- WHAT THE TASK ASKS: Shown below is a listing with pictures; reproduce exactly, and only, the lines between the ones containing "Note: These will" and "This dial features", inclusive, leaving the pictures out.

- RECORDS FOR PROCESSING:

::::

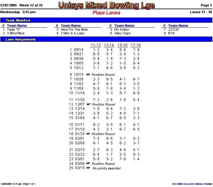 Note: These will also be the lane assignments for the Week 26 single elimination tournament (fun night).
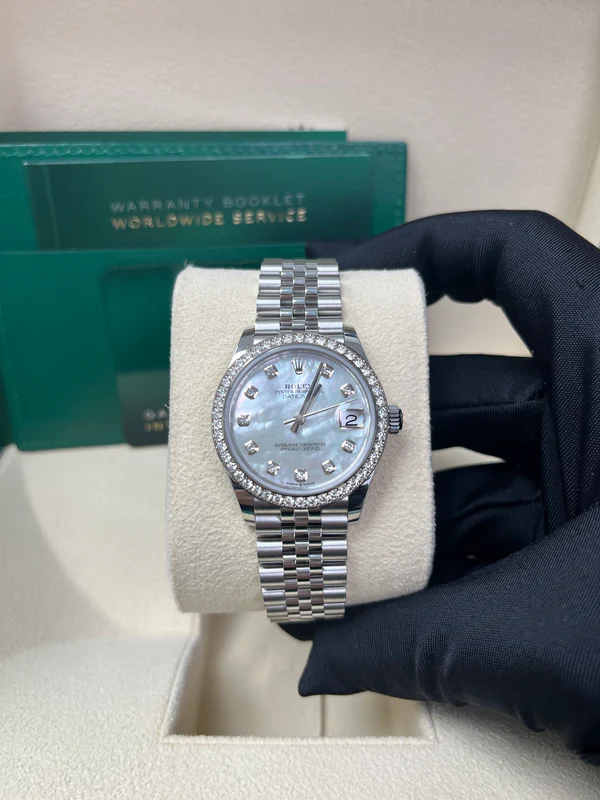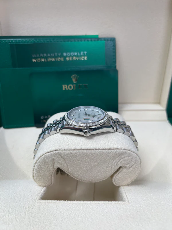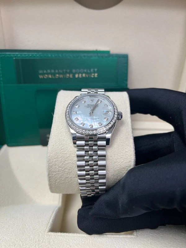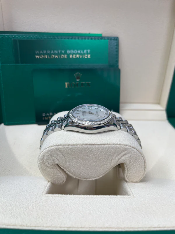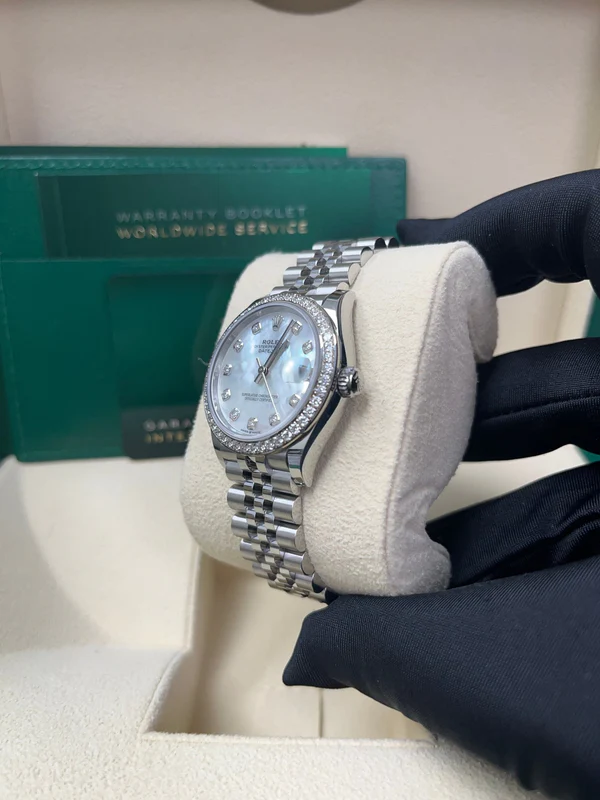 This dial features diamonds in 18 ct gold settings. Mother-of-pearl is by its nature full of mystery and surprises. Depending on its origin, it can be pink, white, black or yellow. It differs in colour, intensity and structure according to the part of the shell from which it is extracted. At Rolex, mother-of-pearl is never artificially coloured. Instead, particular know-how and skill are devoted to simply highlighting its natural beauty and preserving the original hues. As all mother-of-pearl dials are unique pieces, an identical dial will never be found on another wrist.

::::

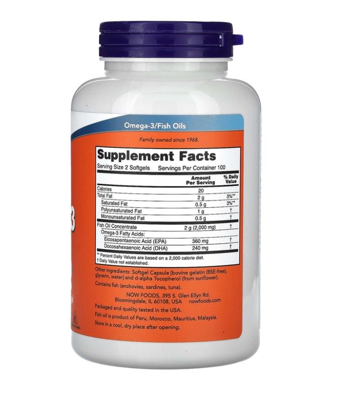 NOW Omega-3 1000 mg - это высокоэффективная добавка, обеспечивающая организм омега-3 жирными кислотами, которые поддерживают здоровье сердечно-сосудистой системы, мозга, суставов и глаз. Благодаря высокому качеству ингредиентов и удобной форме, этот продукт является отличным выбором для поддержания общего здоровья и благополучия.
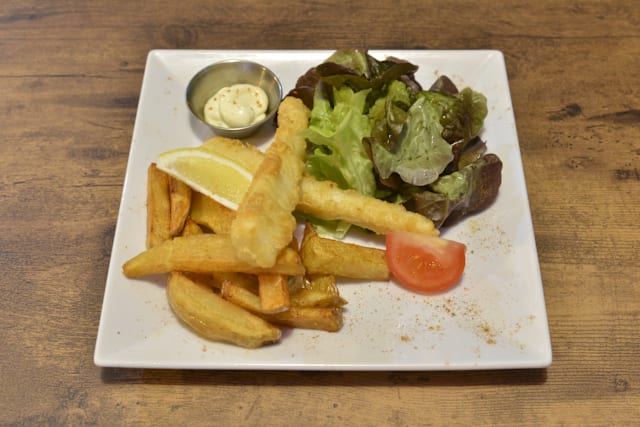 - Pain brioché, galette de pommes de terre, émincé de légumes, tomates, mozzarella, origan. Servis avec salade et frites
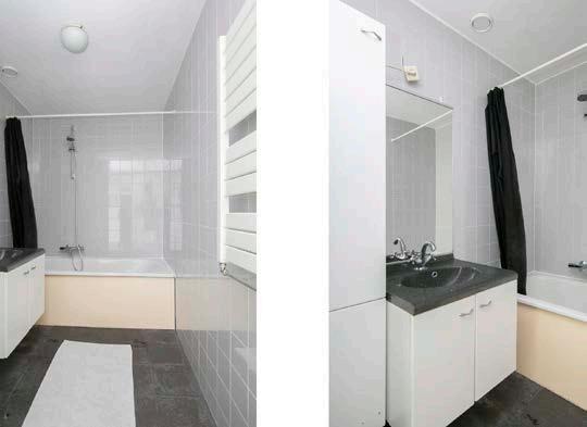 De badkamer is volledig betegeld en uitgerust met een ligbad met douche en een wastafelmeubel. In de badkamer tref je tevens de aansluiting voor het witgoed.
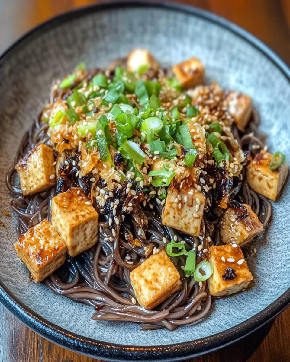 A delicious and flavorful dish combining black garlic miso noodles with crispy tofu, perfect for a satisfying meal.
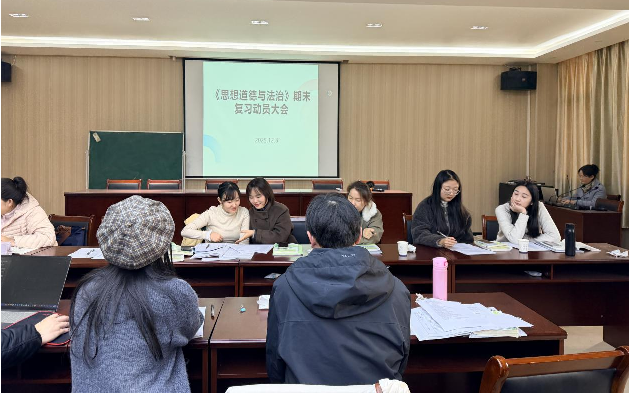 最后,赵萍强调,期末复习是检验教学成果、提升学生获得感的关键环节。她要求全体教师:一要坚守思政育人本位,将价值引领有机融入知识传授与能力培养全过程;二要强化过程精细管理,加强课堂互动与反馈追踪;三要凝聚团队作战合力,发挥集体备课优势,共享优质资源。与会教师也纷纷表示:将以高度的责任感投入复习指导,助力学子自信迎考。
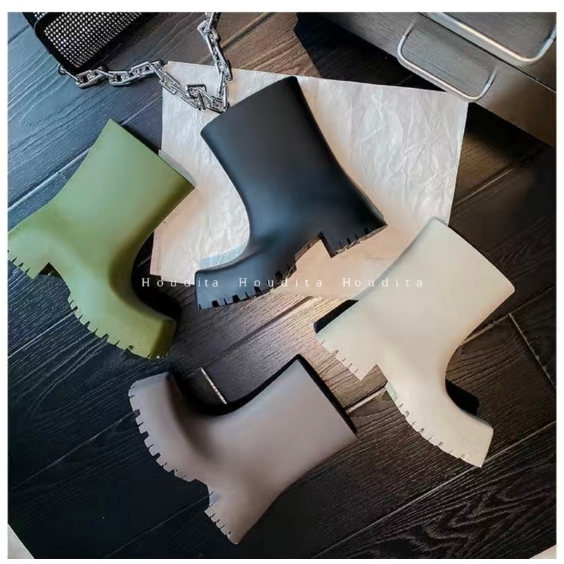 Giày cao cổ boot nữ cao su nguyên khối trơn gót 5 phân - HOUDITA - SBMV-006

::::

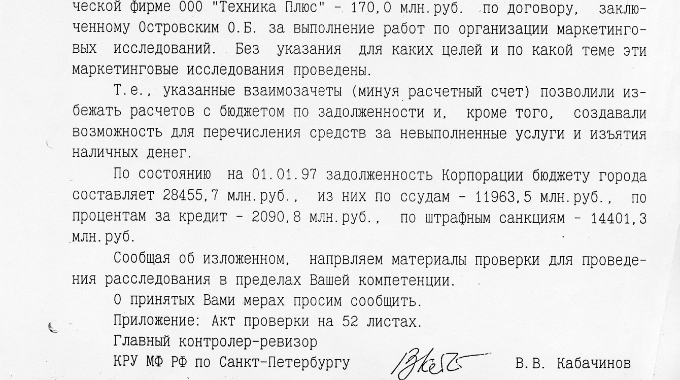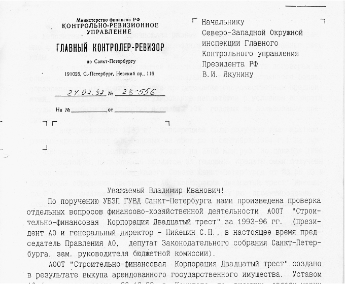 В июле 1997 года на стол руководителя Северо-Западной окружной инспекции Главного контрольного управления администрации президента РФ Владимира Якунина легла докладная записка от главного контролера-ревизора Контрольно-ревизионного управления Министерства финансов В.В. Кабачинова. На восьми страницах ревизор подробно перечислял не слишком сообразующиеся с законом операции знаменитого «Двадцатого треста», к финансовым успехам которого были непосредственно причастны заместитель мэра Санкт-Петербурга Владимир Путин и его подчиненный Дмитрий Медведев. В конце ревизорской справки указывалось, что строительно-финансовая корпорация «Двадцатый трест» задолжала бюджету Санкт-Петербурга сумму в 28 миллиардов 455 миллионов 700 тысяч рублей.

::::

- SOLUTION TO THIS TASK:
 Note: These will also be the lane assignments for the Week 26 single elimination tournament (fun night).
 This dial features diamonds in 18 ct gold settings. Mother-of-pearl is by its nature full of mystery and surprises. Depending on its origin, it can be pink, white, black or yellow. It differs in colour, intensity and structure according to the part of the shell from which it is extracted. At Rolex, mother-of-pearl is never artificially coloured. Instead, particular know-how and skill are devoted to simply highlighting its natural beauty and preserving the original hues. As all mother-of-pearl dials are unique pieces, an identical dial will never be found on another wrist.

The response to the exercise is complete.